Source data Start Marker

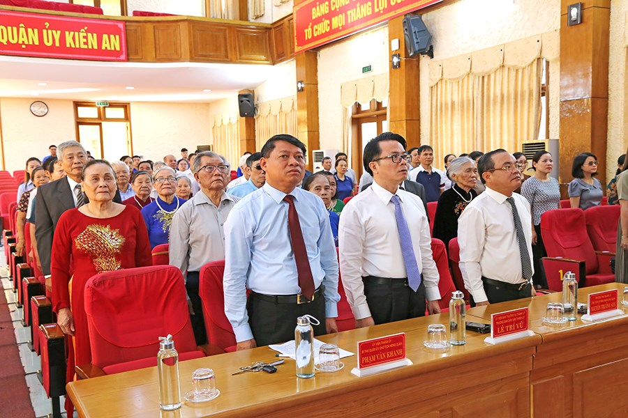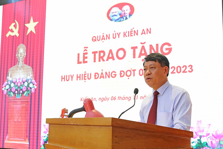 Bí thư Quận ủy Phạm Văn Khanh chúc mừng các đồng chí đảng viên được nhận Huy hiệu Đảng tại quận Kiến An và bày tỏ mong muốn các đồng chí đảng viên tiếp tục phát huy phẩm chất, đạo đức cách mạng, tinh thần tiền phong gương mẫu, tích cực tham gia, đóng góp xây dựng Đảng, hệ thống chính trị; luôn gương mẫu, là tấm gương sáng cho các lớp con, cháu noi theo. Đồng thời đề nghị cấp uỷ Chi bộ và Đảng uỷ các phường tiếp tục dành sự quan tâm sâu sắc, tạo điều kiện và tranh thủ sự hiến kế và đóng góp của các đồng chí được tặng Huy hiệu Đảng trong quá trình xây dựng và phát triển địa phương ngày càng văn minh, hiện đại.
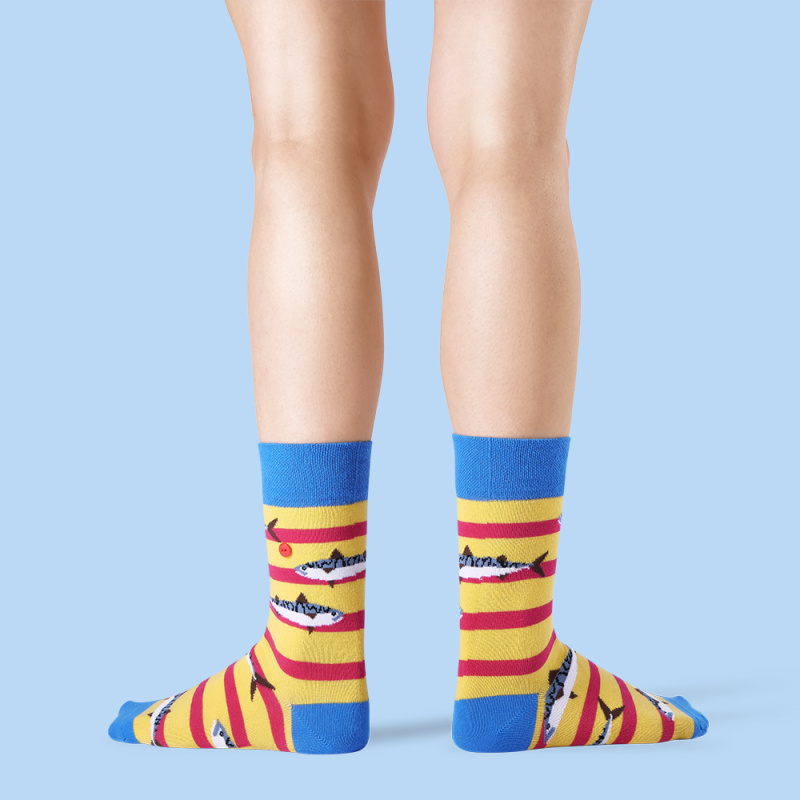 Η τέλεια επιλογή κάλτσες, όχι μόνο για ψαράδες – με το μοντέλο κάλτσες UnaBux BIG CATCH θα προσγειώσετε τα πραγματικά μεγάλα ψάρια. Σε ένα κίτρινο και κόκκινο δακτυλιωμένο φόντο, υπάρχουν μερικά μεγάλα χοντρά ψάρια που κυκλοφορούν εδώ. Τα δάχτυλα των ποδιών, οι γόβες και οι μανσέτες είναι – πώς θα μπορούσε να ήταν διαφορετικά – σε πλούσιο μπλε. Petri Heil και χοντρή λεία!
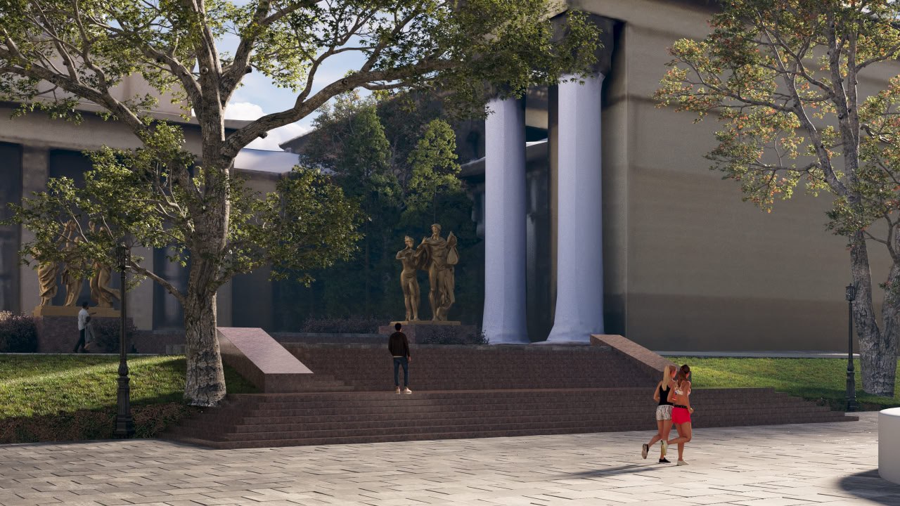 Здесь находятся корпуса Академии культуры, несколько скульптур и бюст лётчика Александра Молодчего.

Source data End Marker

Exercise aim: The lines above should be transcribed exactly, with every image removed.

Finished task:
 Bí thư Quận ủy Phạm Văn Khanh chúc mừng các đồng chí đảng viên được nhận Huy hiệu Đảng tại quận Kiến An và bày tỏ mong muốn các đồng chí đảng viên tiếp tục phát huy phẩm chất, đạo đức cách mạng, tinh thần tiền phong gương mẫu, tích cực tham gia, đóng góp xây dựng Đảng, hệ thống chính trị; luôn gương mẫu, là tấm gương sáng cho các lớp con, cháu noi theo. Đồng thời đề nghị cấp uỷ Chi bộ và Đảng uỷ các phường tiếp tục dành sự quan tâm sâu sắc, tạo điều kiện và tranh thủ sự hiến kế và đóng góp của các đồng chí được tặng Huy hiệu Đảng trong quá trình xây dựng và phát triển địa phương ngày càng văn minh, hiện đại.
 Η τέλεια επιλογή κάλτσες, όχι μόνο για ψαράδες – με το μοντέλο κάλτσες UnaBux BIG CATCH θα προσγειώσετε τα πραγματικά μεγάλα ψάρια. Σε ένα κίτρινο και κόκκινο δακτυλιωμένο φόντο, υπάρχουν μερικά μεγάλα χοντρά ψάρια που κυκλοφορούν εδώ. Τα δάχτυλα των ποδιών, οι γόβες και οι μανσέτες είναι – πώς θα μπορούσε να ήταν διαφορετικά – σε πλούσιο μπλε. Petri Heil και χοντρή λεία!
 Здесь находятся корпуса Академии культуры, несколько скульптур и бюст лётчика Александра Молодчего.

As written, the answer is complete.